Plus it’s hella healthy, so there’s that too. And if you use a raw seaweed powder and leave out the sugar and nondairy milk, I do believe that this recipe is a-okay for raw foodies herunterladen. So…eat up?

P.S. I am seriously considering changing my name to Ice Cream Star. Or maybe Unicorn Pizza Star. Something along those lines. Thoughts lego virtuell bauen kostenlosen?

2015-03-01 - Spinach & Seaweed Ice Cream - 0009 [flickr]

St. Patrick’s Day Spinach & Seaweed Superfood Ice Cream

(Makes just under one quart of ice cream.)


4-5 overripe bananas, peeled, sliced and frozen
3 cups (4.5 ounces) baby spinach
1.5 teaspoons seaweed powder
sugar to taste (optional)
a splash of non-dairy milk or creamer, if needed


1. Place the spinach in the food processor and pulse until the leaves are cut up into small pieces.

2. Next, add the bananas to the food processor and pulse until smoothly blended. Most likely you’ll need to stir them by hand several times, as the frozen chunks tend to gather and become “stuck” on one side of the bowl. If necessary, add a splash of non-dairy milk or creamer to get things moving!

Alternately, you can allow the bananas to defrost on the counter top for 30 to 60 minutes beforehand, so that they’re easier to work with. Before putting them in the food processor, break them up into smaller chunks with a butter knife.

Note: Since introducing extra liquids (such as non-dairy milk) into the mix results in a slightly icier finished product, I prefer defrosting to non-dairy milk. If you’re in a hurry, pop the bananas in the microwave for 20 to 45 seconds instead.

3. Add the seaweed powder and continue to process until thoroughly blended.

4. Sample the ice cream. If the bananas aren’t sweet enough for your taste (sometimes this happens if you freeze them before they’re sufficiently ripe), add a bit of sugar to taste. Any sugar works fine – white, brown, etc. – but I find that powdered sugar results in a smoother blend. Add a little extra seaweed powder (a quarter teaspoon at a time) if desired.

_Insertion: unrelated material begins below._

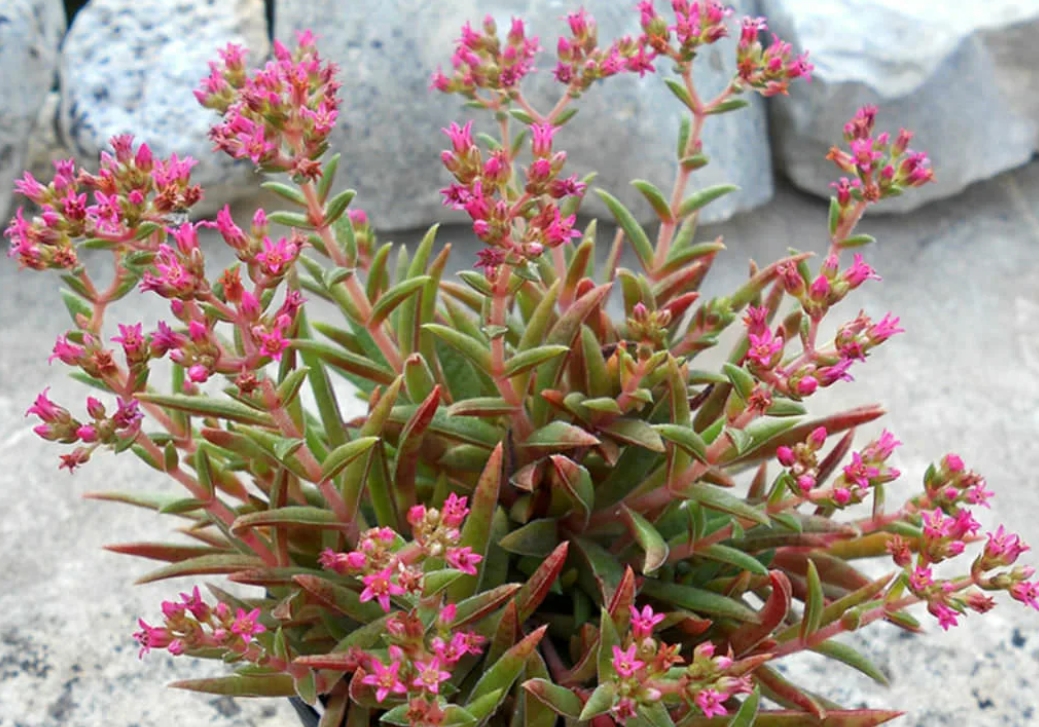 - Толстянка скальная – интересное растение с тонкими, ползучими, довольно короткими побегами. Листья серо-зеленые, интересно расположены. Очень оригинальный вид, который украсит домашнюю коллекцию суккулентов. Цветет мелкими цветками.

5. Transfer the ice cream to an airtight container. Enjoy immediately as soft serve, or pop the ice cream in the freezer for an hour+ for a firmer dessert. Store any leftovers in the freezer in an airtight container. If the frozen banana ice cream proves too hard to scoop, microwave it for ten seconds to help loosen it up (or let the container sit on the counter for ten to thirty minutes prior to eating, depending on room temp).